Name:  Saira

Age: 29

Country: Indian living in the UAE

LGMD Sub-Type (if known): LGMD 2B/R2 Dysferlin-related

 

At what age were you diagnosed:

I was diagnosed at the age of 16. I got the genetic confirmation in February 2020.

What were your first symptoms:

Falling all of a sudden and getting up from sitting down on the ground were the first symptoms.

Do you have other family members who have LGMD:

No, none of my family members have LGMD. I am the only one diagnosed with LGMD.

What do you find to be the greatest challenges in living with LGMD:

Environmental barriers and wheelchair accessibility. Employment opportunities without the stigma attached on abilities that I have.  Lack of neurologists interested in LGMD and quick diagnosis response.
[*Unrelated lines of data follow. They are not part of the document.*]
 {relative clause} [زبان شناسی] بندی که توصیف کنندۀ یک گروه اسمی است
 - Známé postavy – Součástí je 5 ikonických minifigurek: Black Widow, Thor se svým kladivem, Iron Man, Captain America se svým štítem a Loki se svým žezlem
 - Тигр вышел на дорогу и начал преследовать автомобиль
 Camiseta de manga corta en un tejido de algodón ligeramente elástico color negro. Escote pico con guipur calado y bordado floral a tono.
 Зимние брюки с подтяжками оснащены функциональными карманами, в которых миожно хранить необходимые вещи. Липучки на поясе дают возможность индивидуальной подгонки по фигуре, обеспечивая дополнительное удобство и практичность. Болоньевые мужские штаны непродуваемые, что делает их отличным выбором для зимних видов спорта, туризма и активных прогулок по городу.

Progression of LGMD, and how to deal with the ongoing challenges associated with the disease. Little to no guidance about the types of equipment that could be helpful for day-to-day activities.

What is your greatest accomplishment:

Starting a new job with a company in the UAE and them letting me work from home as an accessible accommodation to include me. Now I work every day at Inclusive to create a global impact and make this world more accessible Online and Offline.
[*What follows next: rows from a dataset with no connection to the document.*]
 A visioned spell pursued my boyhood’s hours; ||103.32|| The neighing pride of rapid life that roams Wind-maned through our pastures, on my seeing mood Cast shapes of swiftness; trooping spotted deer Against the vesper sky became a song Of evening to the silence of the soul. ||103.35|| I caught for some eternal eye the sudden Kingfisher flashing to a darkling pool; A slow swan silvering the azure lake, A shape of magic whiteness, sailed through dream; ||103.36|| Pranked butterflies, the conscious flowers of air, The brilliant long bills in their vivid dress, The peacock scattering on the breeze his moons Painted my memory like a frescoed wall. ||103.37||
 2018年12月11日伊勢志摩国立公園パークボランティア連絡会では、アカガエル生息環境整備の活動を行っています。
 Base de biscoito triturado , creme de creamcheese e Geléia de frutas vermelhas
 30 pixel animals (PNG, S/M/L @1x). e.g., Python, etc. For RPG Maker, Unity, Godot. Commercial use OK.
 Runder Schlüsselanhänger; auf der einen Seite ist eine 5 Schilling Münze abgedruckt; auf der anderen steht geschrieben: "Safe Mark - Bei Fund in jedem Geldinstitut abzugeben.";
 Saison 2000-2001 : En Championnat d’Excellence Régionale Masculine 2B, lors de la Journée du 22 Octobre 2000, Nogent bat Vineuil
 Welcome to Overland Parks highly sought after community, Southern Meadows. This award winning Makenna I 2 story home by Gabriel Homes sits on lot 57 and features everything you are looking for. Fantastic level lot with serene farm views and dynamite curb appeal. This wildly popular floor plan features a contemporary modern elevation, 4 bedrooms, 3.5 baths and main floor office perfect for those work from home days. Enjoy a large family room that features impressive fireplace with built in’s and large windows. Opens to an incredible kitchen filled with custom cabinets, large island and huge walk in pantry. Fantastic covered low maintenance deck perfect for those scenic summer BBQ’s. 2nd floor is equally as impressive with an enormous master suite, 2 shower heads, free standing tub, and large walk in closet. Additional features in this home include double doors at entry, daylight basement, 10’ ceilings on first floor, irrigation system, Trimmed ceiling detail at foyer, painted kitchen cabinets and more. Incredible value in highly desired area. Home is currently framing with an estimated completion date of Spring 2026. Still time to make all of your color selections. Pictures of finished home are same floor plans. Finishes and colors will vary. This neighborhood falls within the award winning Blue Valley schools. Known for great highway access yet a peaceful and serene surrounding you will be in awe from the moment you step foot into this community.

How has LGMD influenced you into becoming the person you are today:

It has given me a new perspective on life and thought me to value my time and present abilities.

I may not be able to do everything physically like the next person but, that does not mean I have nothing to contribute to making an impact in the world we all share equally.

LGMD has taught me to be grateful about my family more so than before with their constant support.

It has made me live and love every moment ever more.

Since it is a degenerative disease, it progresses, things I may be able to do today, may not be the things I could be able to do in the coming year. So, I try to enjoy every physical movement I can do today, right now. Starting from combing my hair to making a cup of tea for myself, I value it.

What do you want the world to know about LGMD:

I want the world to know that this is a rare disease. It could happen to anyone. It could be you who are reading this, or it could be someone you may not know who might be living with this. But people are living with this muscle-wasting disease, that awaits its cure. I can give you an example of the pandemic and how scientists all around the world are racing to find a vaccine. Whereas for LGMD, research is going for decades without results, lack of funds or lack of government support are a few reasons for it. Starting from symptoms to diagnosis until the day I accepted LGMD and started living with it, has been a lonely journey. Support of my husband, family to friends is something that gives me courage every day. Lack of specialists, lack of proper knowledge about it is something that I face at every doctor’s visit. We need empathy in an environment without barriers. I was walking yesterday, and today I need a wheelchair. The justification of my condition will be easier if people would know about LGMD.

If your LGMD could be “cured” tomorrow, what would be the first thing that you would want to do:

The question I am answering is hypothetical. How I wish to have answered it as if it were practical and I look forward to the day with positivity and hope.

The day is maybe far, or it could be soon. I would love to go down on my knees and pray like I want to as we do in my religious belief. I would love to dance and skate, which I am no longer to do as I live with LGMD. I wish to drive a car. I long to become independent again.